In one case, this is probably somewhat correct and in the other case probably not, it was limited data, but it was kind of a starting point for how everyone would really think about contextualizing genetic data. It hasn't actually changed that much in some ways. It wasn't until really the 80s and 87 that we actually started to look at real DNA and this is the real kind of signature of this is this very famous paper by Rebecca Cann in 87, which essentially identified this mitochondrial eve and had obviously such huge implications in distinguishing between the multi-regional and out of Africa hypothesis. And this kind of was the beginning of a series of papers from in the nineties and early 2000s that were dominated by genetic work looking at uniparental markers, the mitochondria, and the Y chromosome.
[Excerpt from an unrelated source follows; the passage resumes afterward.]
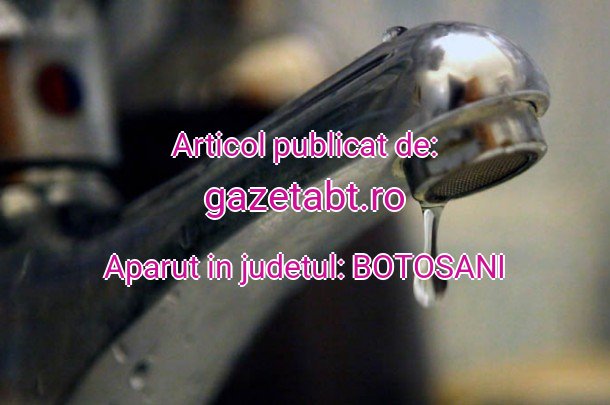 S.C. Nova Apaserv S.A. Botoșani informează utilizatorii din municipiul Dorohoi că, pentru remedierea unei avarii apărute la rețeaua de alimentare cu apă de pe strada Alexandru Ioan Cuza, se va întrerupe furnizarea apei potabile în data de12 februarie 2026, în intervalul orar 08

And this was driven by essentially the kind of ability to look at restriction fragment, length of polymorphisms, places in DNA that we necessarily couldn't sequence, but we could tell that they were different between people and also the development of PCR, which allowed us to actually go and get bits of DNA, we were interested in amplify them and examine them as much as we can and that really revolutionized molecular biology in so many ways.
So, like I said, the kind of 90s and early 2000s was really the Y chromosome mitochondrial era, if you wanted, you could call it the Genographic era, the National Genographic era, because that really is a kind of, Spencer Wells was kind of running around telling people who they really were with their Y chromosomes and their mitochondrial DNA. And that became a real kind of a precursor for like 23 and me, where you'd actually go and send your DNA to them and they would tell you a Y chromosome and mitochondria, it became very popularized. They were actually sending it here to the University of Arizona with my old postdoc advisor, Mike Hammer. And so when you're looking at why in mitochondria though, it's important to understand what you are looking at in terms of history. So how do we use genetic data to understand history?
Now fundamentally, we don't actually care about DNA. What we care about is for any particular individual or set of individuals, the genealogy back in the past. And if we can work out what that genealogy is, we understand that genealogy of all our relatives is shaped by our history where we've moved, who we've encountered in the past. So, we want to get at this genealogy and DNA is essentially a kind of fuzzy lens of looking at that genealogy. Now, when we only look at the Y chromosome or the mitochondrial DNA, we only get a very limited view of that genealogy. So, if we're looking at the Y chromosome for example, of this guy here, what we're really looking at is DNA, that comes from ancestors along a purely paternal line. When we're looking at mitochondrial DNA are a purely maternal line.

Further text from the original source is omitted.